UC Davis could begin participating in clinical trials using adult stem cells by the end of 2009.
Nolta said she looks forward to testing Aldagen’s stem cell populations and hopes the research will lead to a novel cell therapy for clinical testing.
“We’re planning to have some of our key laboratories in the stem cell institute’s new building up and running by late next year,” Nolta said. “Those facilities will play a key role in enabling us to advance cellular therapies for treatments of numerous life-threatening diseases.”
Orphan Drug Designation For ALD-101
In related news, the company announced that it had received orphan drug designation from the FDA for the use of ALD-101 to improve patient outcomes by decreasing time to platelet and neutrophil engraftment in patients with inherited metabolic disorders undergoing umbilical cord blood transplantation.
Aldagen is conducting a Phase 3 trial infusing ALD-101 in patients with inherited metabolic disorders undergoing umbilical cord blood transplantation.
Cord blood transplantation is commonly used to treat children with inherited metabolic diseases, including Krabbe syndrome, metachromatic leukodystrophy, Hurler syndrome and adrenoleukodystrophy.
These diseases are progressive, degenerative and often fatal.
In many cases, the only treatment available to these patients is a transplant of blood-forming stem cells found in cord blood.
Umbilical cord stem cells are located in the umbilical cord of a newborn at birth.

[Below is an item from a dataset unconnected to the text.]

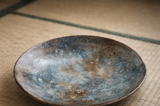 薪窯焼成による自然釉のゆらぎが美しい一点物の大皿。

The FDA orphan drug designation, administered by the Office of Orphan Products Development, provides potential incentives such as funding for clinical studies, study design assistance, waiver of FDA user fees, tax credits and, importantly, up to seven years of market exclusivity upon marketing approval.
“FDA orphan drug designation for ALD-101 is an important asset in Aldagen’s development of ALD-101,” said CEO Tom Amick. “We are encouraged by the reductions in engraftment times seen in the Phase 1 ALD-101 trial and look forward to continuing our on-going Phase 3 trial of ALD-101.”
ALD-101 is the population of stem cells that Aldagen produces from a portion of an umbilical cord blood unit using our proprietary stem cell isolation technology.
The product is infused into the patient shortly after the transplant of the remaining portion of the cord blood unit.
In a 24 patient Phase 1 clinical trial, Aldagen observed a reduction in the time to platelet and neutrophil engraftment in patients receiving ALD-101 following their cord blood transplant, as compared to similar patients who had received a cord blood transplant without ALD-101 in an earlier independent clinical trial.
In each case, these reductions were statistically significant, with p-values of 0.05 or less.
The pivotal Phase 3 clinical trial of ALD-101 is designed to further evaluate its ability to accelerate engraftment following cord blood transplants in pediatric patients with inherited metabolic diseases.
Aldagen is a biopharmaceutical company developing proprietary regenerative cell therapies that target significant unmet medical needs.
The company has four product candidates in clinical trials. Aldagen’s most advanced product candidate, ALD-101, is currently in a pivotal Phase 3 clinical trial to evaluate its efficacy in improving umbilical cord blood transplants used to treat inherited metabolic diseases in pediatric patients.
The company also is conducting or supporting Phase 1 or Phase 1/2 clinical trials of three other product candidates: ALD 151 to improve umbilical cord blood transplants used in the treatment of leukemia, ALD-301 to treat critical limb ischemia, and ALD-201 to treat ischemic heart failure.
Aldagen’s product candidates consist of specific populations of adult stem cells that the company isolates using its proprietary technology.